Utah Woman Who Wrote Book On Grief After Husband's Death Found Guilty Of Murdering Him
HuffPost
A Utah woman who wrote a children’s book about coping with grief after her husband’s death has been convicted of aggravated murder in his death.
PARK CITY, Utah (AP) — A Utah woman was convicted Monday of aggravated murder after poisoning her husband with fentanyl and self-publishing a children’s book about coping with grief.
Prosecutors say Kouri Richins slipped five times the lethal dose of the synthetic opioid into a cocktail that Eric Richins drank in March 2022 at their home outside the ski town of Park City. They say Richins was $4.5 million in debt and falsely believed that when her husband died, she would inherit his estate worth more than $4 million. They also say she was planning a future with another man she was seeing on the side.
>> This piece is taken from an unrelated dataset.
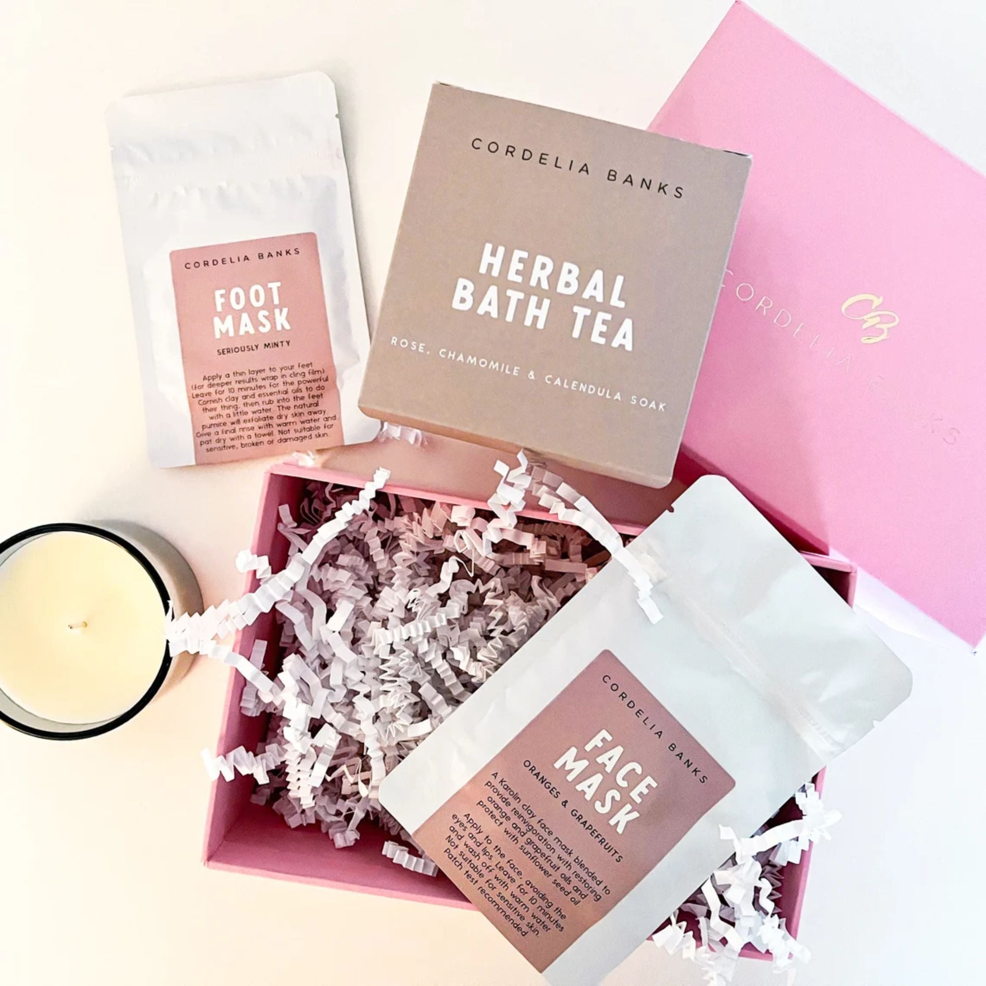 - Herbal Bath Tea : The perfect winter facial steamer, a fragrant blend of herbs and flowers designed to release toxins and leave pores to better absorb masks and serums. (enough for 3-4 uses)

Richins stared at the floor and took deep breaths as the judge read the verdict.
The jury deliberated for less than three hours. Afterward, family members on both sides of the case left the courtroom hugging and crying.
She was also convicted of other felony charges, including an attempted murder charge in what authorities alleged was another effort to poison her husband weeks earlier on Valentine’s Day with a fentanyl-laced sandwich that made him break out in hives and black out. Jurors also found Richins guilty of fraudulently claiming insurance benefits after his death.